When the final results of HPTN 052 released in 2016, Cohen oversaw the launch of HPTN 083 — a global study focused on preventing HIV in high-risk populations. Starting in 2012, HIV-negative patients have had access to a once-a-day pill, Truvada, to prevent infection. For this new study, Cohen wanted to compare the efficacy of Truvada to an injectable drug called cabotegravir, which only needs to be administered every two months.
Unlike HPTN 052, HPTN 083 specifically enrolled cisgender men and transgender women who have sex with men — people with high risk of HIV infection. While HPTN 052 focused on the suppression of HIV replication in people infected with the virus, HPTN 083 looks at preventing HIV transmission during sexual intercourse. In June 2020, the study was halted because injections of cabotegravir proved even better at stopping the spread of HIV than Truvada. A companion study called HPTN 084 is currently assessing cabotegravir’s effectiveness for preventing infection in HIV-negative women.

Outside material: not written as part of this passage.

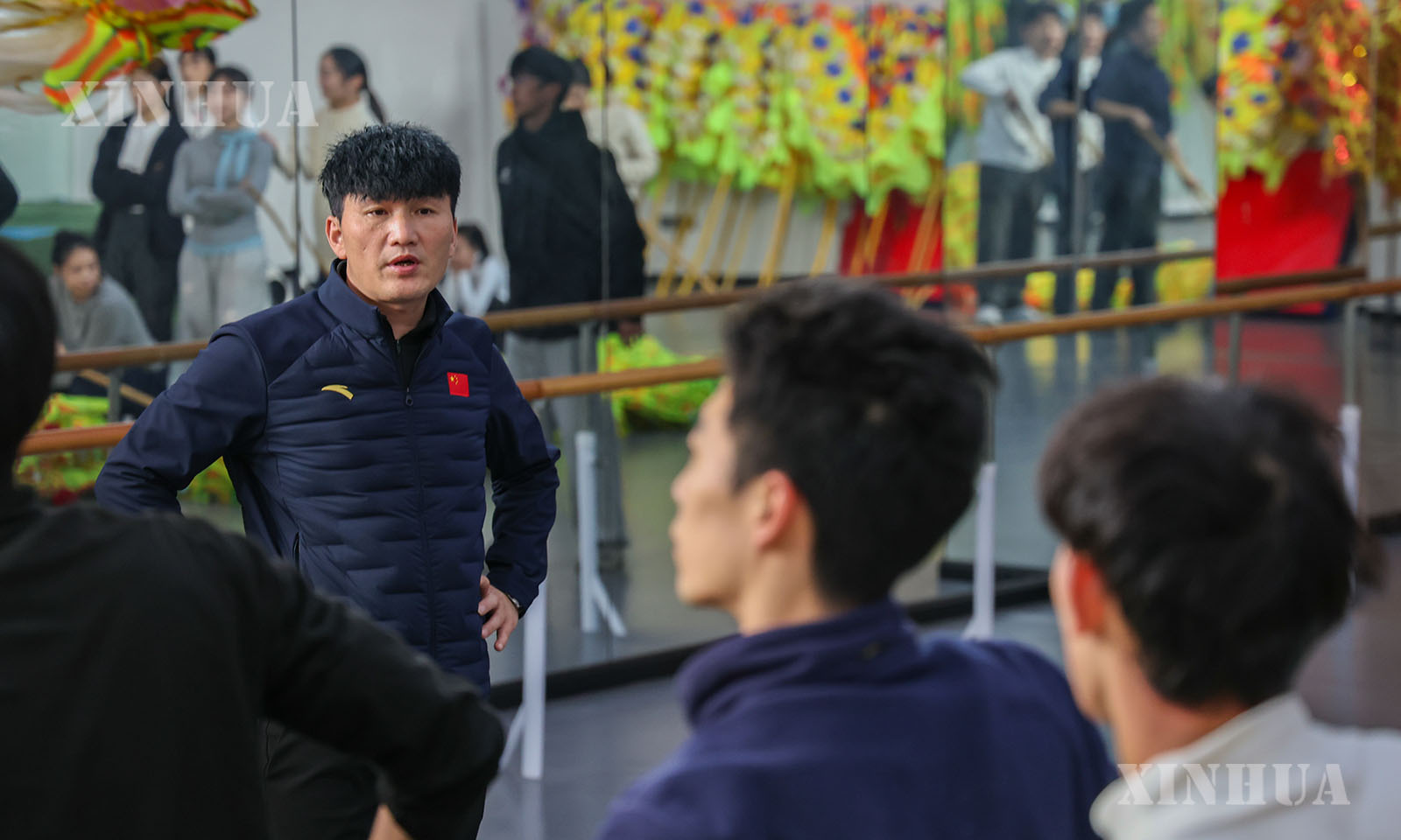 တရုတ်နိုင်ငံ ချုံချင့်မြို့ရှိ ချုံချင့်ထုန်လျန်နဂါး အနုပညာအဖွဲ့ခေါင်းဆောင် ချိုက်မိန်ချန့် (ဝဲဘက် ဒုတိယ) က ပြိုင်ပွဲဝင် နဂါးအက အဖွဲ့ဝင်များ လေ့ကျင့်မှုအား လမ်းညွှန်ပေးနေသည်ကို ၂၀၂၅ ခုနှစ် ဒီဇင်ဘာ ၇ ရက်က တွေ့ရစဉ် (ဆင်ဟွာ)

UNC is also involved in testing an alternative to Truvada called Descovy, which avoids the potential negative side effects Truvada can cause in the kidneys and bones, and the Antibody Mediated Prevention study — a first-of-its-kind prevention method that uses anti-HIV antibodies to prevent infection.
While a cure isn’t on the horizon, on a good day Margolis says there might be one in the next five to 10 years.
Cohen believes UNC’s prowess in the field has benefits beyond addressing HIV.
“HIV has taught us how to approach problems,” Cohen says. “It took us literally 20 years to understand the rules of transmission and to become good at some of the things we’re trying to do. For COVID-19, it’s taken us 20 weeks to get to at least some of the same points. This isn’t just a story about HIV. It’s a story about people working together successfully.”